→ TASK DETAILS
Nothing but an exact reproduction of the records, pictures excluded, should be returned.

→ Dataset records
====

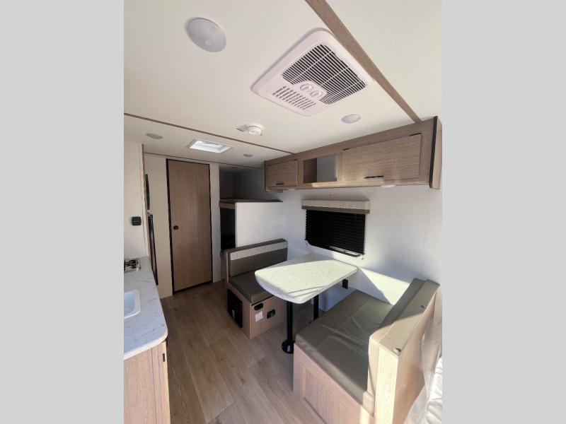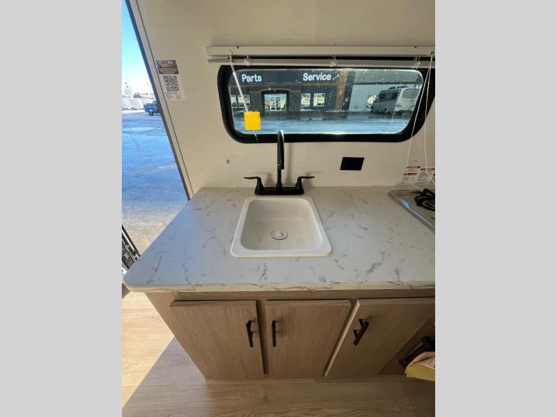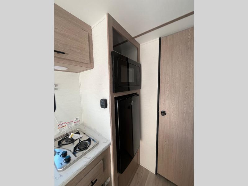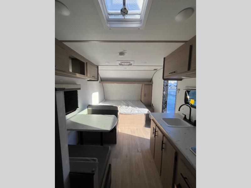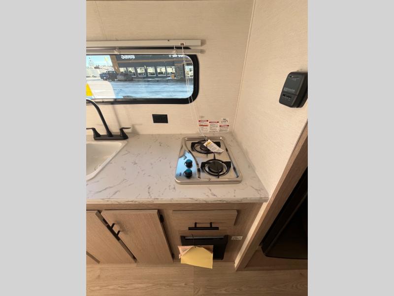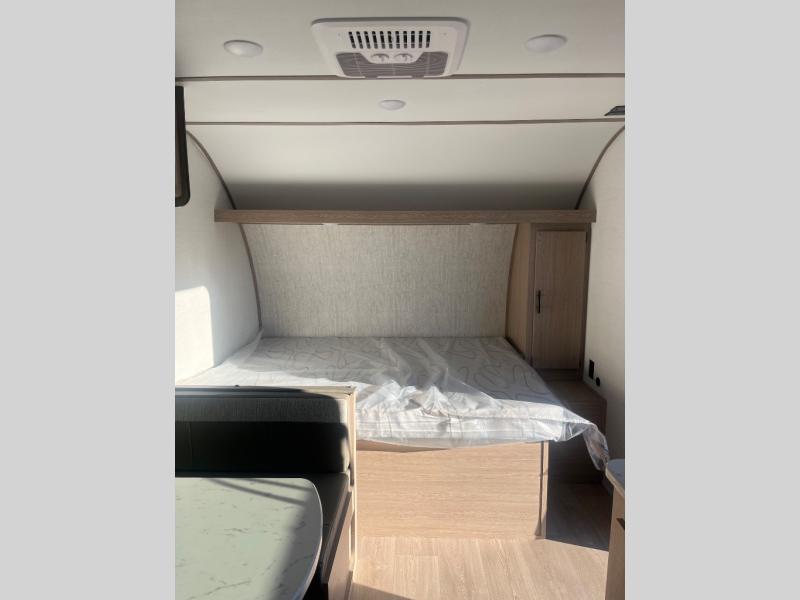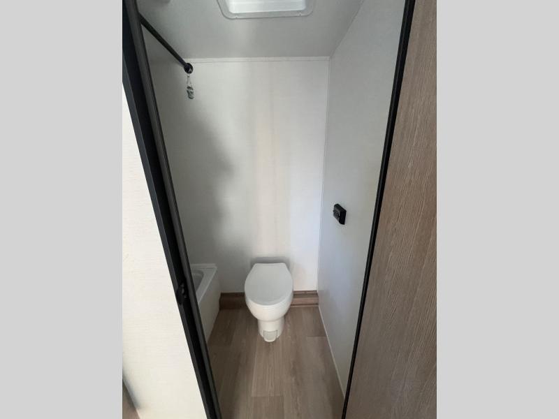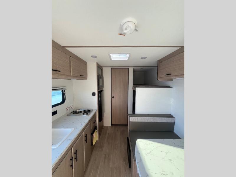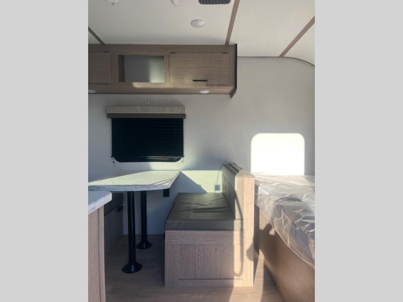 It's easier than ever to enjoy the camping lifestyle with this lightweight travel trailer. There are bunk beds for your guests or little ones, a front bed for you, plus a booth dinette that can double as dining and sleeping space. The private toilet and shower will allow you to stay clean throughout each trip, and since the sink is at the kitchen counter, someone can brush their teeth while the other showers before bed. You will love the fireplace included in this model for a more at-home feel, or you just might find yourselves outdoors under the power awning most of the day!
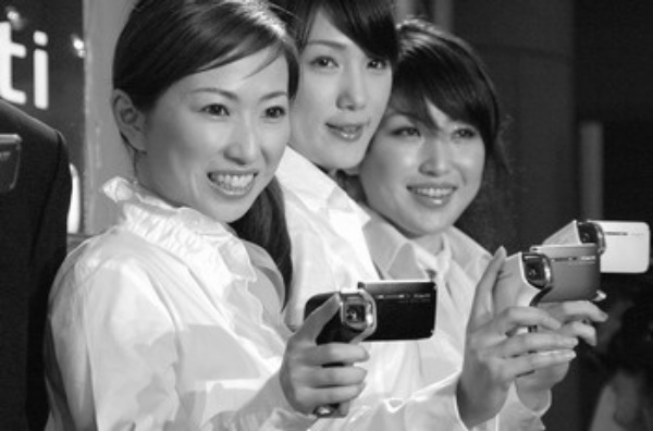 4月18日,几名模特在日本东京展示三洋电机公司推出的新款便携式防水摄像机。这种摄像机采用立体形状密封圈,麦克风和扬声器部分选用防水的多孔薄膜,在1.5米深的水下可连续工作1小时。新华社记者 钱 铮摄
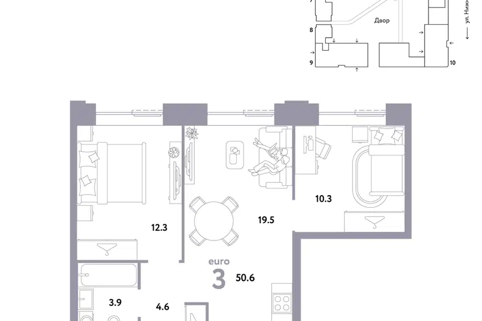 3-комн. кв., 50.6 м², 2/38 этаж
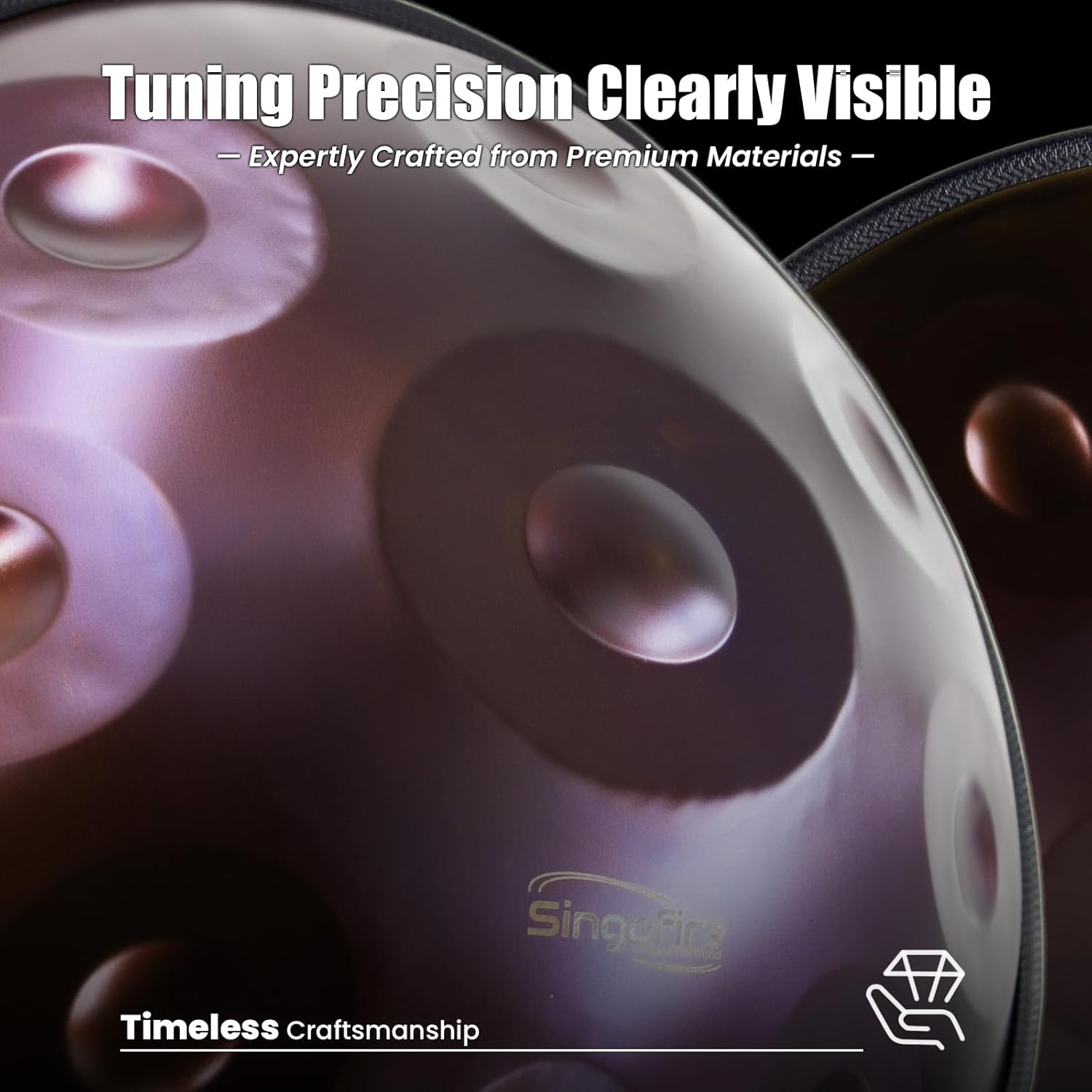 - 【Sonic Purity】SINGOFIRE handpan drums are expertly crafted with high-quality nitride steel, meticulously designed to deliver pristine 432 Hz sound frequencies. Each instrument undergoes professional tuning to ensure crystal-clear tones that resonate with the body's natural vibrations. The 432 Hz frequency is renowned for its healing and meditative properties, offering a unique sonic experience that purifies the listener's soul
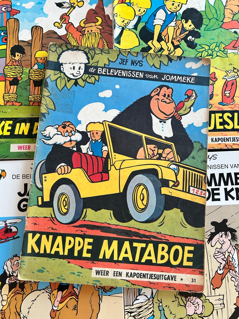 In dit verhaal ontmoeten we de begijntjes opnieuw, maar ze zijn wel al met heel wat minder dan de vorige keer dat Jommeke hen ontmoette én ze zijn ook al ietsje moderner (de korte minirok die zo populair was in de jaren zestig doet ook bij hen al intrede, net als verdedigings- en gevechtssporten, in dit geval judo). Mataboe, de gorilla, maakt hierin zijn debuut. Hij zal in latere verhalen zeker ook nog terugkomen en de vrienden helpen. Dit album is eentje met een terugkerende gag die ik vaak herhaal als ik een politieagent op een motor zie rijden… Vroeger werden deze in de volksmond ‘zwaantjes’ genoemd (geen idee of dat nog zo is eigenlijk) en Mataboe die alles nogal letterlijk durft nemen heeft daar dan ook een oplossing voor, die Gobelijn en Jommeke af en toe uit de puree zal helpen… Want Mataboe zegt altijd, ‘zwaantjes horen in het water’ en dan gooit ie ook de agent in een vijver nabij… Zelf heb ik nooit een agent het water in geduwd of gegooid (zo ben ik niet natuurlijk) maar het zinnetje zeg ik dan wel als ik een gemotoriseerde flik zie rijden… Het blijft een klassiekertje!

====

→ EXERCISE ANSWER
 It's easier than ever to enjoy the camping lifestyle with this lightweight travel trailer. There are bunk beds for your guests or little ones, a front bed for you, plus a booth dinette that can double as dining and sleeping space. The private toilet and shower will allow you to stay clean throughout each trip, and since the sink is at the kitchen counter, someone can brush their teeth while the other showers before bed. You will love the fireplace included in this model for a more at-home feel, or you just might find yourselves outdoors under the power awning most of the day!
 4月18日,几名模特在日本东京展示三洋电机公司推出的新款便携式防水摄像机。这种摄像机采用立体形状密封圈,麦克风和扬声器部分选用防水的多孔薄膜,在1.5米深的水下可连续工作1小时。新华社记者 钱 铮摄
 3-комн. кв., 50.6 м², 2/38 этаж
 - 【Sonic Purity】SINGOFIRE handpan drums are expertly crafted with high-quality nitride steel, meticulously designed to deliver pristine 432 Hz sound frequencies. Each instrument undergoes professional tuning to ensure crystal-clear tones that resonate with the body's natural vibrations. The 432 Hz frequency is renowned for its healing and meditative properties, offering a unique sonic experience that purifies the listener's soul
 In dit verhaal ontmoeten we de begijntjes opnieuw, maar ze zijn wel al met heel wat minder dan de vorige keer dat Jommeke hen ontmoette én ze zijn ook al ietsje moderner (de korte minirok die zo populair was in de jaren zestig doet ook bij hen al intrede, net als verdedigings- en gevechtssporten, in dit geval judo). Mataboe, de gorilla, maakt hierin zijn debuut. Hij zal in latere verhalen zeker ook nog terugkomen en de vrienden helpen. Dit album is eentje met een terugkerende gag die ik vaak herhaal als ik een politieagent op een motor zie rijden… Vroeger werden deze in de volksmond ‘zwaantjes’ genoemd (geen idee of dat nog zo is eigenlijk) en Mataboe die alles nogal letterlijk durft nemen heeft daar dan ook een oplossing voor, die Gobelijn en Jommeke af en toe uit de puree zal helpen… Want Mataboe zegt altijd, ‘zwaantjes horen in het water’ en dan gooit ie ook de agent in een vijver nabij… Zelf heb ik nooit een agent het water in geduwd of gegooid (zo ben ik niet natuurlijk) maar het zinnetje zeg ik dan wel als ik een gemotoriseerde flik zie rijden… Het blijft een klassiekertje!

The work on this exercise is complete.